Mum had 3 tumours a couple of years ago. Once they were removed her symptoms improved dramatically and she went back to living a normal life. Unfortunately, they symptoms have come back recently. She had a biopsy done on Friday. We're waiting to hear back from the hospital. No idea how long it'll take. I'm annoyed I can't be with her right now. I had to come back to Uni for exams. I cannot even begin to imagine what she must be going through.

I know the exact mutation you're talking about and I have a 50% chance of having it too but haven't been tested yet, I've never met someone with the same problem so I'm here to talk if you want! How old are you now and how long have you known about it?

I'm 19 years old and I found out in March 2012. How old are you?
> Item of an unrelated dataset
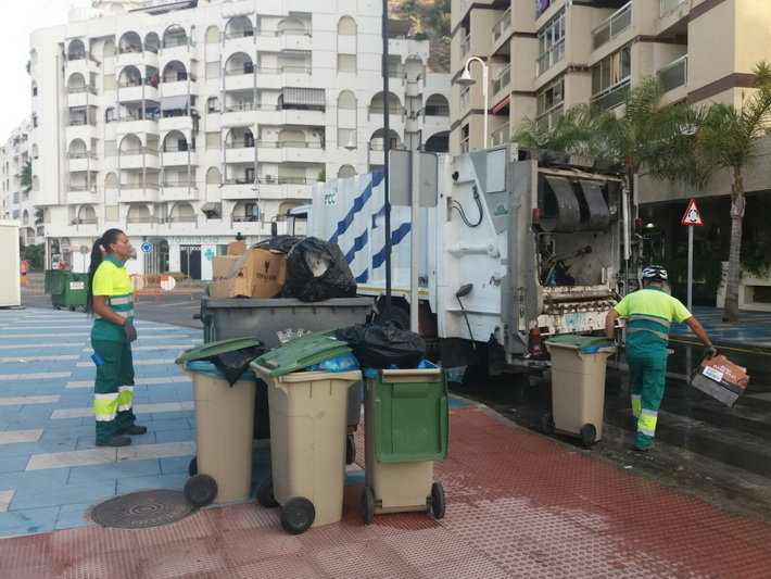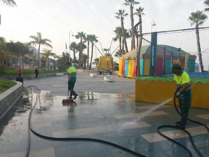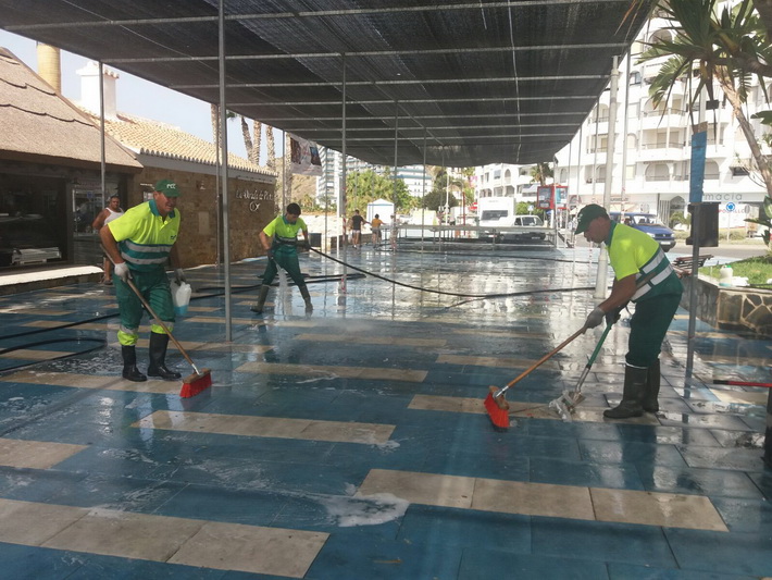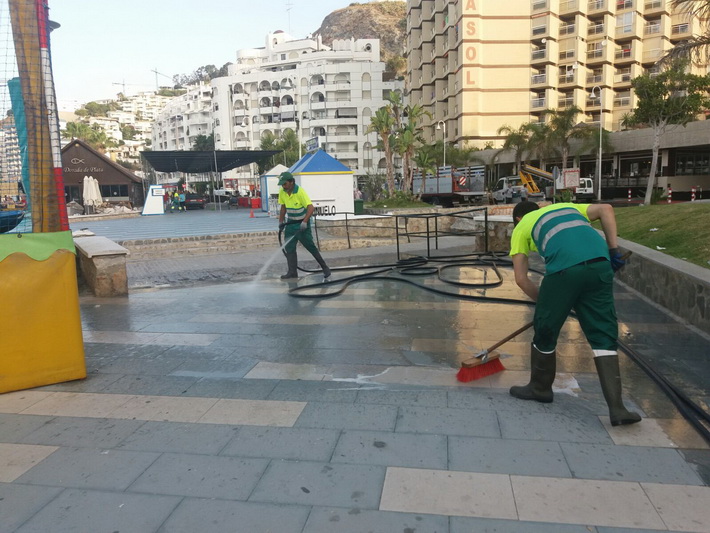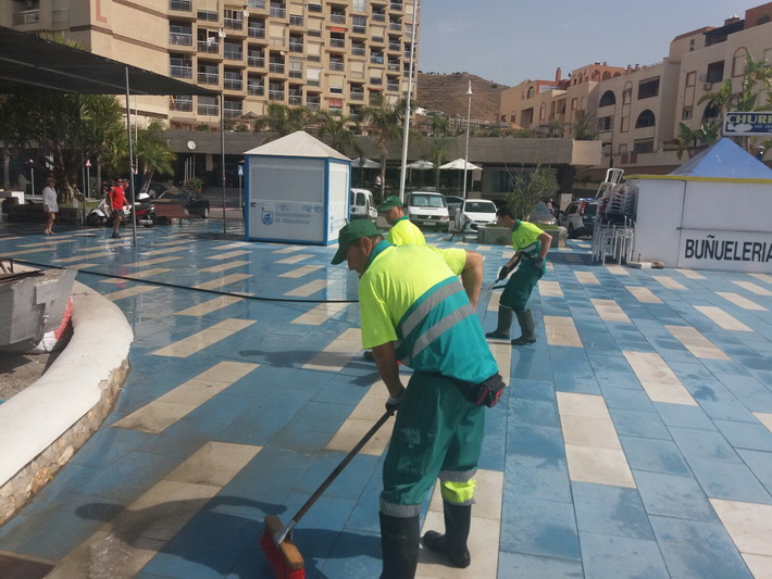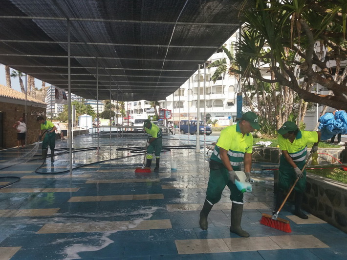 Después de tres días intensos de fiestas tocaba hoy recuperar la zona ocupada por la caseta y barra en el paseo situado junto a La Dorada de Plata. Para ello una decena de operarios de la empresa adjudicataria, FCCC, se han empleado a fondo con limpieza y baldeo de la zona desde primera hora de la mañana, una vez desalojado el mobiliario de las fiestas.

Do you want to get tested to find out? My little brother is 15 and also has 50% risk, but can't be tested yet as they consider him too young.

How do you feel about it? Have you always known about the risk? I'd known it was a possibility for as long as I can remember (my parents were always very open about it) but it's a bit different when you know for certain.

I hope you don't mind me asking all this; it's just I never really know who I can talk to about it. My mum and my boyfriend were both really upset when I found out - more than me! - so I don't like to discuss it with them because I know they'll get upset. Have you told anyone about it? Do you discuss it with your parents?

Don't worry all the questions are fine! I'm still young - almost 17 and as far as I'm aware it is still considered 'unethical' to get tested before 18 so I have no plans about when to do the test. I found out at 14, none of my family were aware of the mutation, it was only discovered after my aunt developed cancer (she's fine now). While I have a really good relationship with my parents, this is the one thing I won't talk to them about. I think it's because I don't want them to think that I worry about dying and because I worry that they might blame themselves if anything ever happened to me.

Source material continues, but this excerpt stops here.